The parties must file a written discovery plan with the court within 14 days after the conference or at the time the action is filed, whichever is later. Minn. R. Civ. P. 26.06(b).

What must be in the Rule 26 discovery plan filed with the court?

A discovery plan must state the parties’ views and proposals on:

  1. what changes should be made in the timing, form, or requirement for disclosures under Rule 26.01, including a statement of when initial disclosures were made or will be made;
  2. the subjects on which discovery may be needed, when discovery should be completed, and whether discovery should be conducted in phases or be limited to or focused on particular issues;
  3. any issues about disclosure, discovery, or preservation of electronically stored information, including the form or forms in which it should be produced;
  4. any issues about claims of privilege or of protection as trial-preparation materials, including – if the parties agree on a procedure to assert these claims after production – whether to ask the court to include their agreement in an order;
  5. what changes should be made in the limitations on discovery imposed under these rules or by local rule, and what other limitations should be imposed; and
  6. any other orders that the court should issue under Rule 26.03 or under Rule 16.02 and 16.03.

Minn.
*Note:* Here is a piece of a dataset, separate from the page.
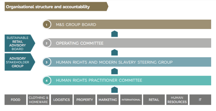 The structure that we’ve put in place helps us to address human rights across each of the different business units. A practitioner in each business unit is responsible for conducting a human rights risk assessment of their field of work, and for ensuring that effective due diligence measures are in place. Each identified practitioner is supported by a named director, and I oversee this combined human rights leadership team. The leadership team receive human rights training to inform their work streams, and are further supported by a Human Rights Steering Group, which includes representatives of key decision-makers across the business. The Steering Group remains small and agile enough to be able to debate tricky, difficult issues that M&S seeks to make progress on. I then provide regular human rights management updates to our Operations Committee, which is chaired by the CEO.

R. Civ. P. 26.06(c).

What else must I do?

In general, you need to provide to the other parties in your case the following:

(A) the name and, if known, the address and telephone number of each individual likely to have discoverable information – along with the subjects of that information – that the disclosing party may use to support its claims or defenses, unless the use would be solely for impeachment;

(B) a copy – or a description by category and location – of all documents, electronically stored information, and tangible things that the disclosing party has in its possession, custody, or control and may use to support its claims or defenses, unless the use would be solely for impeachment;

(C) a computation of each category of damages claimed by the disclosing party – who must also make available for inspection and copying as under Rule 34 the documents or other evidentiary material, unless privileged or protected from disclosure, on which each computation is based, including materials bearing on the nature and extent of injuries suffered; and

(D) for inspection and copying as under Rule 34, any insurance agreement under which an insurance business may be liable to satisfy all or part of a possible judgment in the action or to indemnify or reimburse for payments made to satisfy the judgment.

Minn. R. Civ. P. 26.01(a). However, these Rule 26.01(a) disclosures are not required (unless ordered by a court) for the following cases:

(A) an action for review on an administrative record; (B) a forfeiture action in rem arising from a state statute; (C) a petition for habeas corpus or any other proceeding to challenge a criminal conviction or sentence; (D) an action brought without an attorney by a person in the custody of the United States, a state, or a state subdivision; (E) an action to enforce or quash an administrative summons or subpoena; (F) a proceeding ancillary to a proceeding in another court; (G) an action to enforce an arbitration award; (H) family court actions under Minn. Gen. R. Prac. 301-378; (I) Torrens actions; (J) conciliation court appeals; (K) forfeitures; (L) removals from housing court to district court; (M) harassment proceedings; (N) name change proceedings; (O) default judgments; (P) actions to either docket a foreign judgment or re-docket a judgment within the district; (Q) appointment of trustee; (R) condemnation appeal; (S) confession of judgment; (T) implied consent; (U) restitution judgment; and (V) tax court filings.